İleri Mühendislik Çalışmaları ve Teknolojileri Dergisi
Yazarlar: Zeynep ORMAN, Mert KAVİ
Konular:Mühendislik
Anahtar Kelimeler:Distributed systems,Big data,Stream processing,Scalability,Queuing theory
Özet: Establishing large-scale distributed stream processing systems and ensuring their operations is a very complex and costly process. These systems should be capable of adapting the varying rates of data stream and they must be scaled, if required. It is usually inevitable to use an effective automatic scaling system which can be integrated into such systems. In recent literature, there are numerous studies on this issue. Many of these studies have focused on how these systems will operate under normal conditions.

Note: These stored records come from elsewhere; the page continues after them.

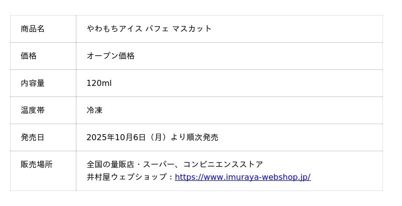 井村屋株式会社(本社:三重県津市高茶屋七丁目1番1号、社長:岩本 康)は、アイスの人気ブランドである「やわもちアイスシリーズ」から、やわもちアイスパフェ第2弾となる新フレーバー『やわもちアイス パフェ マスカット』を2025年10月6日(月)から季節限定で発売します。
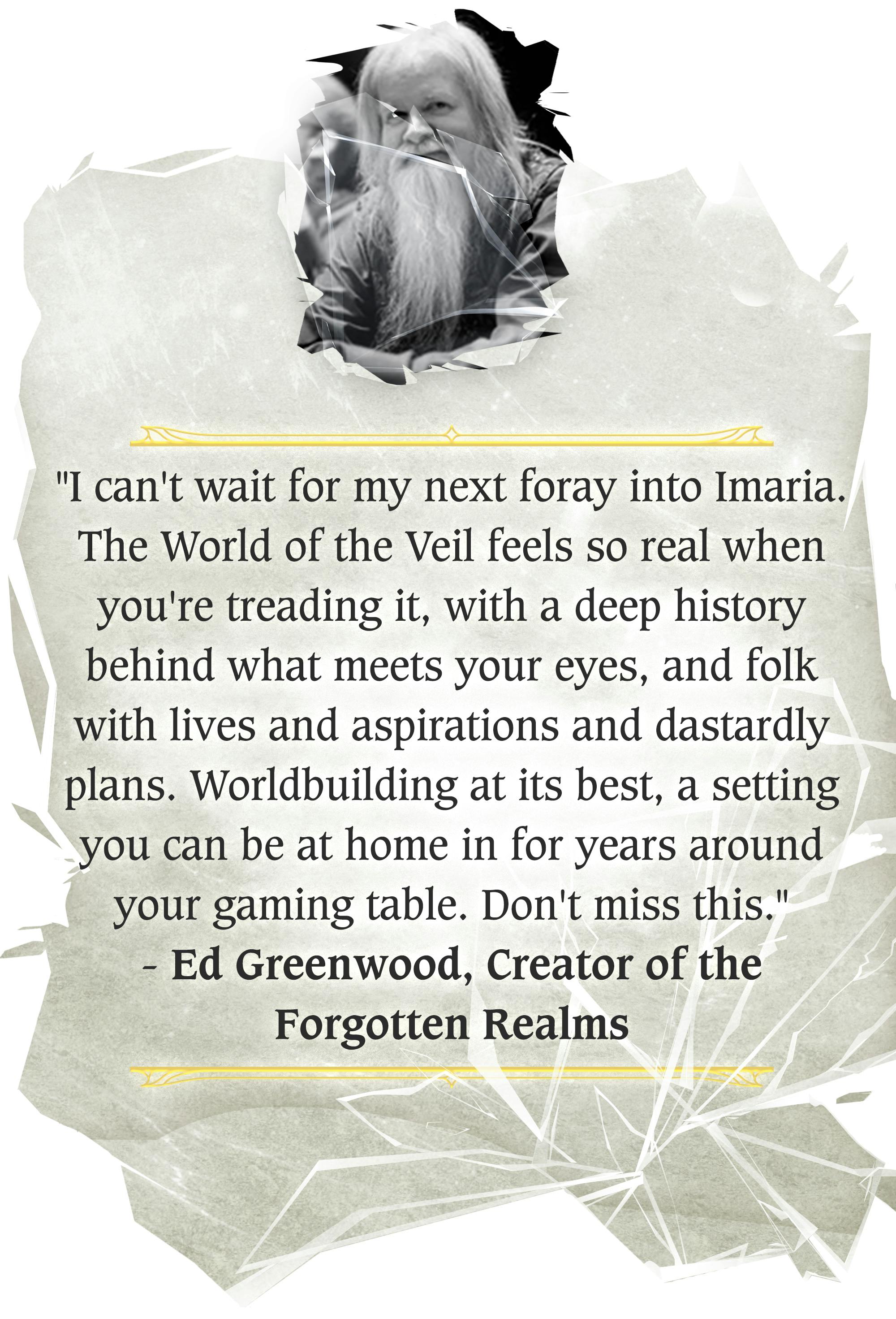 Imaria: Beyond the Veil is a massive 5E campaign setting and adventure series crafted by veteran designers and renowned industry luminaries. These tomes bring over 600 pages of new, innovative mechanics and lore to 5E, based around four Pillars of Power: mana, anti-magic, psionics, and ethereal chronomancy. Together, these powers shape a vibrant and extensive world cut off from extraplanar forces by a net of temporal energy known as the Veil.
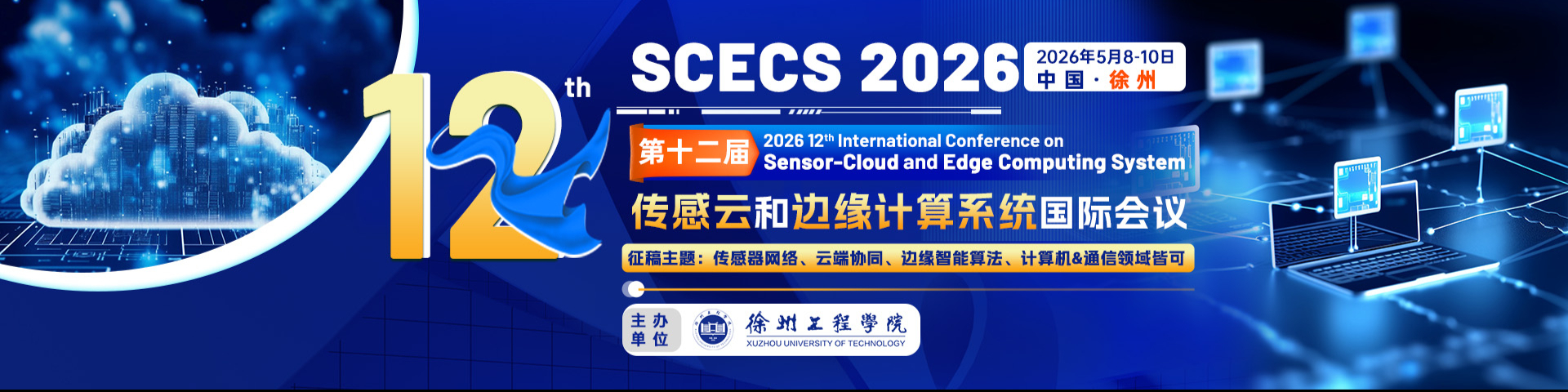 The 12th International Conference on Sensor-Cloud and Edge Computing System (SCECS 2026) is scheduled to take place on May 8-10, 2026 in Xuzhou, China. The conference will primarily focus on the fields of sensor-cloud and edge computing system, providing an academic platform for experts, scholars, engineers, and professionals from various educational institutions, research organizations, enterprises, and establishments locally and abroad. This platform aims to facilitate the sharing of academic research findings, exploration of cutting-edge engineering issues, as well as discussions on current opportunities and challenges. Through this concerted effort to promote international cooperation and communication while advancing the industrialization of scientific research results.

There are limited studies on scalability where scaling is usually implemented with a set of resources. In this study, based on these shortcomings, a system design which can adapt to changing working loads and work on Apache Flink, is proposed. Apache Flink is used for both system development and calculating the scaling metrics. Scaling is performed by evaluating the expected latency calculated with Queuing Theory and some critical metrics. It is aimed to improve system performances and reduce quality losses with this model, which can be integrated into big data processing systems. Pre-scaling and post-scaling cases are also demonstrated by simulations to show the effectiveness of the proposed system.